◆ Task statement:
Please repeat the listing below exactly, but do not include its pictures.
[Opening Collected material section]
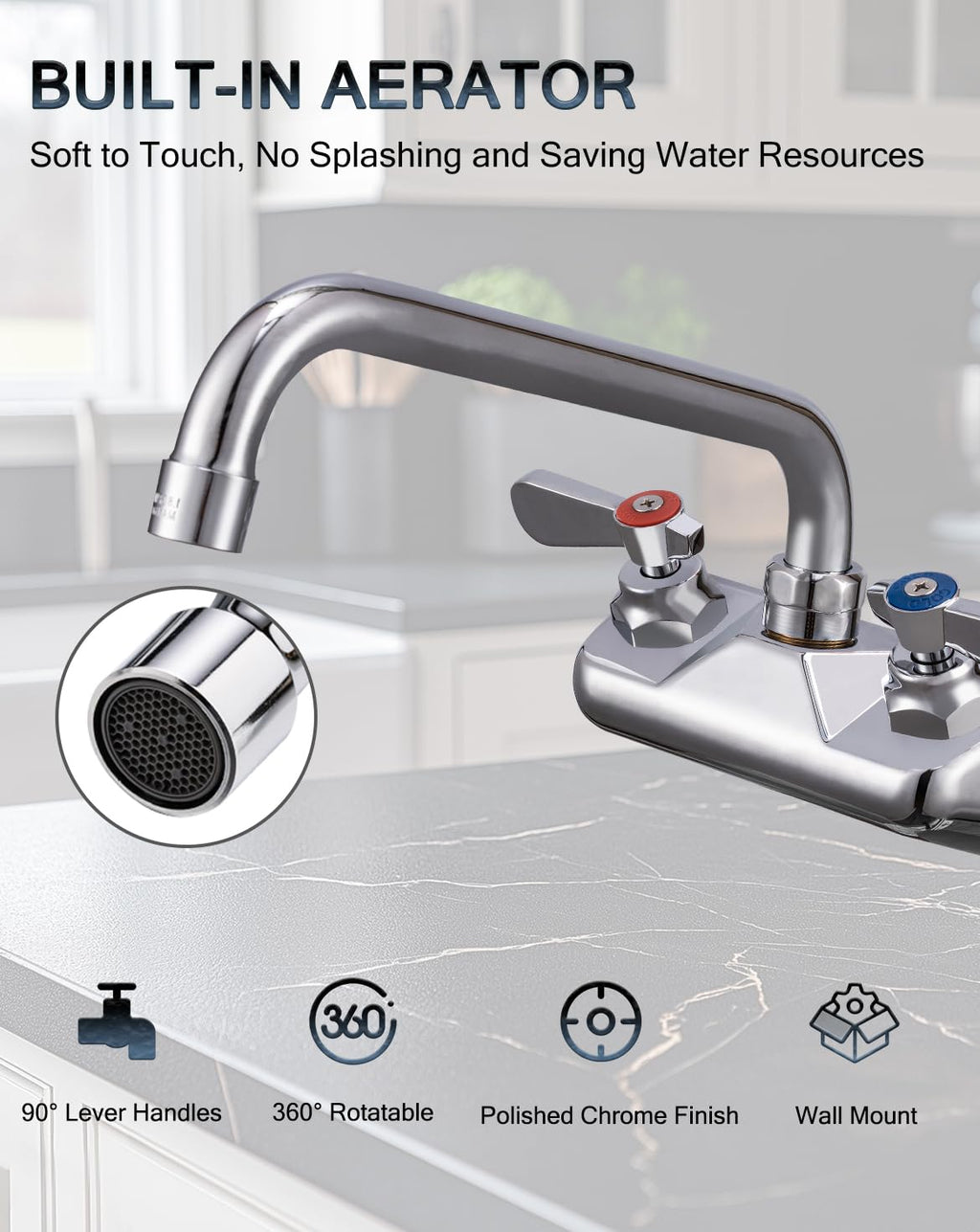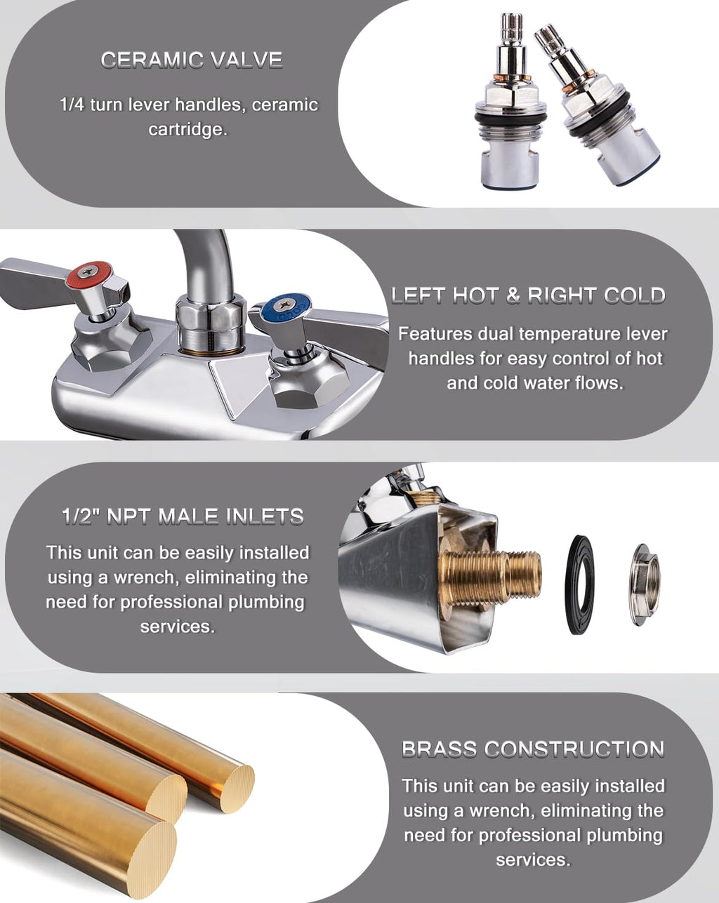 4 Inch Center Faucet: Designed with a standard 4-inch center for seamless installation, our commercial hand sink faucet features dual lever handles with hot and cold markings for easy temperature and flow control. This versatile design makes it a perfect fit for any commercial setting. Brass Construction: Our kitchen sink faucet is made of solid brass with a chrome plated surface, which has extraordinary durability and corrosion resistance. The bar sink faucet equipped with upgraded ceramic valves to ensure smooth and accurate water flow. This feature promises longevity, reliability, and reduced need for frequent replacements.
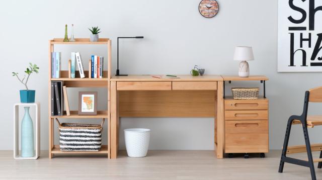 シンプルなデザインが人気の『L-DESK』シリーズのデスク3点セットです。良質なアルダー材の温かい木目、主張しすぎない個性がどんなテイストのお部屋にもしっくり馴染みます。仕上げには自然系オイルを使用したのでお子様にも安心してお使いいただけます。木材の風合いが充分に堪能でき、使い続けるほどに味わい深くなっていきます。このワゴン最大の魅力は天板に設けた昇降機能。9段階に高さ調節が可能で、L-DESKの幅105cm学習デスクと天板高を揃えられます。デスクスペースの拡張に役立ちます。木製のペントレーや最上段の鍵、A4が収納可能な収納力のある引き出しなど、勉強だけでなく普段の収納にも使いやすい仕様をたっぷり詰め込みました。
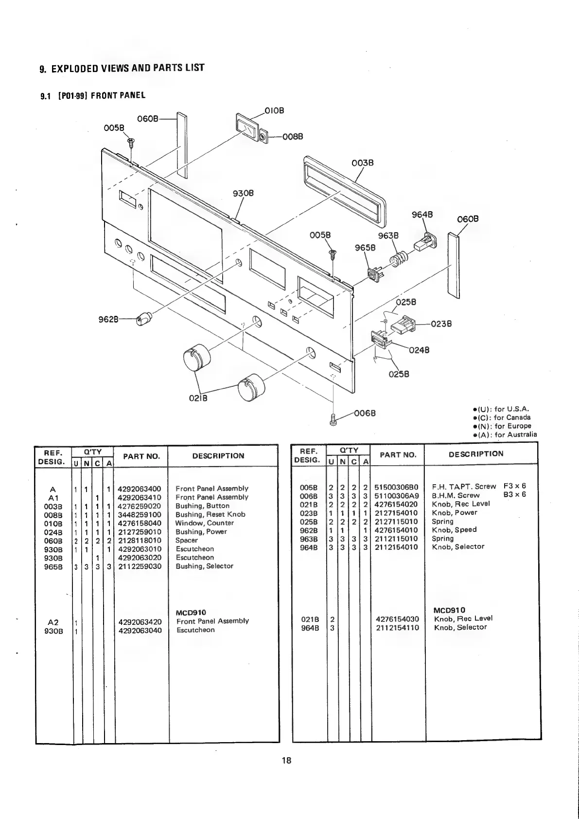 Marantz SD1000 - Exploded Views and Parts List; Front Panel Components List
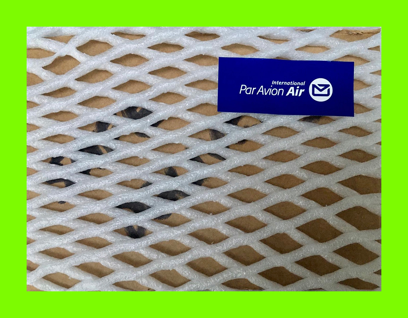 Ann Boland, Safe Delivery (Postcard Sent to Velorose from Wellington, 2020), Expanded Polystyrene Mesh with Adhesive Label and Found Ink on Corrugated Card (Unique) (Not for Sale)
[Closing Collected material section]
◆ Exercise output:
 4 Inch Center Faucet: Designed with a standard 4-inch center for seamless installation, our commercial hand sink faucet features dual lever handles with hot and cold markings for easy temperature and flow control. This versatile design makes it a perfect fit for any commercial setting. Brass Construction: Our kitchen sink faucet is made of solid brass with a chrome plated surface, which has extraordinary durability and corrosion resistance. The bar sink faucet equipped with upgraded ceramic valves to ensure smooth and accurate water flow. This feature promises longevity, reliability, and reduced need for frequent replacements.
 シンプルなデザインが人気の『L-DESK』シリーズのデスク3点セットです。良質なアルダー材の温かい木目、主張しすぎない個性がどんなテイストのお部屋にもしっくり馴染みます。仕上げには自然系オイルを使用したのでお子様にも安心してお使いいただけます。木材の風合いが充分に堪能でき、使い続けるほどに味わい深くなっていきます。このワゴン最大の魅力は天板に設けた昇降機能。9段階に高さ調節が可能で、L-DESKの幅105cm学習デスクと天板高を揃えられます。デスクスペースの拡張に役立ちます。木製のペントレーや最上段の鍵、A4が収納可能な収納力のある引き出しなど、勉強だけでなく普段の収納にも使いやすい仕様をたっぷり詰め込みました。
 Marantz SD1000 - Exploded Views and Parts List; Front Panel Components List
 Ann Boland, Safe Delivery (Postcard Sent to Velorose from Wellington, 2020), Expanded Polystyrene Mesh with Adhesive Label and Found Ink on Corrugated Card (Unique) (Not for Sale)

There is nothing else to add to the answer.